This commentary is particularly relevant now in light of the ONC revision of the federal Health Information Technology Strategy:
Commentary : R. Kaplan and M. Porter, “How to Solve the Cost Crisis in Health Care”, Harvard Business Review, September, 2011, 47-64. (See the article at http://hbr.org/2011/09/how-to-solve-the-cost-crisis-in-health-care/ar/1)
In this important publication Kaplan and Porter develop a methodology for measuring the “right” things in the “right” way to ascertain an account of costs and outcomes in health care service delivery to individual patients in the care delivery value chain (CDVC). The authors argue that most health care costs are not fixed, and therefore accessible to managerial control. (In my opinion, this argument is symptomatic of the absence of a health care “system”, as is the “rule of one” applied to costing expensive equipment in the context of a single health care enterprise competing with others.) In other commentaries on my blog at http://eresearchcollaboratory.blogspot.com/2011_04_01_archive.html - I have discussed Porter’s work on conceptualizing and measuring “value” in health care “per dollar expended”, and some of the pitfalls of reliance on this common denominator.
The methodology proposed here addresses the critical need to manage cost associated with health care services. However, some implicit ideological assumptions should be examined. First, the method of process mapping is framed in a for-profit health care services market, assuming that competition to control costs at the enterprise level will result in financial return on investments as well as system-level savings. This approach may result in unnecessary and costly process duplication at the system level as illustrated in the case of McAllen, Texas: http://www.newyorker.com/reporting/2009/06/01/090601fa_fact_gawande . Such costly duplication is all the more critical in the increasingly resource poor U.S. health care context.
The second apparent assumption is that health care services can effectively be conceptualized and mapped in the same way as manufacturing systems. Kaplan’s “Time-Driven Activity-Based Costing” (TDABC) as described in earlier HBR publications also aims specifically to augment enterprise profits in competitive markets. Many health economists reject these perspectives on service production, profitability and the efficacy of market dynamics in the health care sector.

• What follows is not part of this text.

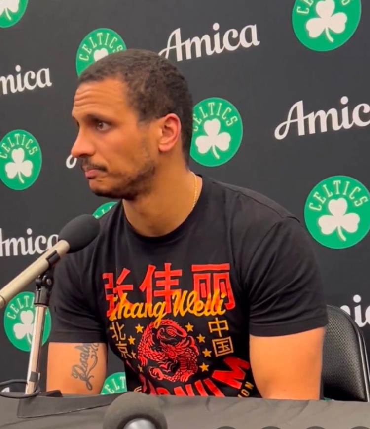 賽后,凱爾特人主帥馬祖拉在接受采訪時身穿印有“張偉麗”字樣的T恤接受采訪。

Health care process mapping is not a new idea; it has been practiced in other national systems, including the NHS (UK- See the Institute for Innovation and Improvement at http://www.institute.nhs.uk/), Canada and Australia. Lack of reference to other national experiences leaves the HBR article reader with the impression that such methods have not been used in the health care sector.
Review of some of the recent literature suggests that the results of the process mapping methodology vary, for example, according to the choice of hierarchical vs. sequential mapping, as well as selection of participating stakeholders and the overall process perspective. (See Colligan, Anderson et al., Does the process map influence the outcome of quality improvement work? A comparison of a sequential flow diagram and a hierarchical task analysis diagram, BMC Health Services Research, 2010, 10:7doi:10.1186/1472-6963-10-7: http://www.biomedcentral.com/1472-6963/10/7)
Evidence based clinical pathways also offer an approach to link evidence to multi-disciplinary care plans for specific clinical conditions. (See Rotter, Kinsman et al., Clinical pathways: Effects on Professional practice, patient outcomes, length of stay and hospital costs (Review), The Cochran Library, Issue 7, 2010, http://onlinelibrary.wiley.com/doi/10.1002/14651858.CD006632.pub2/pdf/abstract ). The Map of Medicine at http://eng.mapofmedicine.com/evidence/map-open/index.html (associated with the NHS) illustrates the development and use of clinical pathways in patient diagnosis and treatment. The clinical pathway methodology is designed to integrate high quality evidence from research in medicine with practice-based knowledge.
The NHS emphasizes the importance of a culture supporting performance improvement, and a focus on the patient experience. While Kaplan and Porter apply their method at the individual level of analysis, their objective is to map those activities related to a specific medical condition that can be “costed”, thus introducing an activity selection bias in the process map. The resulting focus is the cost of individual disease treatment cycles rather than a holistic view of the patient’s health care experience aggregated in the larger population perspective.
Kaplan and Porter seem to address more effectively the interests of private insurers, to “reinvent reimbursement” by measuring costs at the individual level of analysis – with increasing granularity (including…“consumable supplies such as medications, syringes, catheters, and bandages used directly in the process.” p. 54). The authors do not address the costs of such granular data collection and analysis. Furthermore, they do not demonstrate HOW the TDABC process should be informed by health care “value” or research evidence on health care outcomes – with the result that the managerial values driving the process are not adequately subordinate to the science of medicine or the care of patients and populations.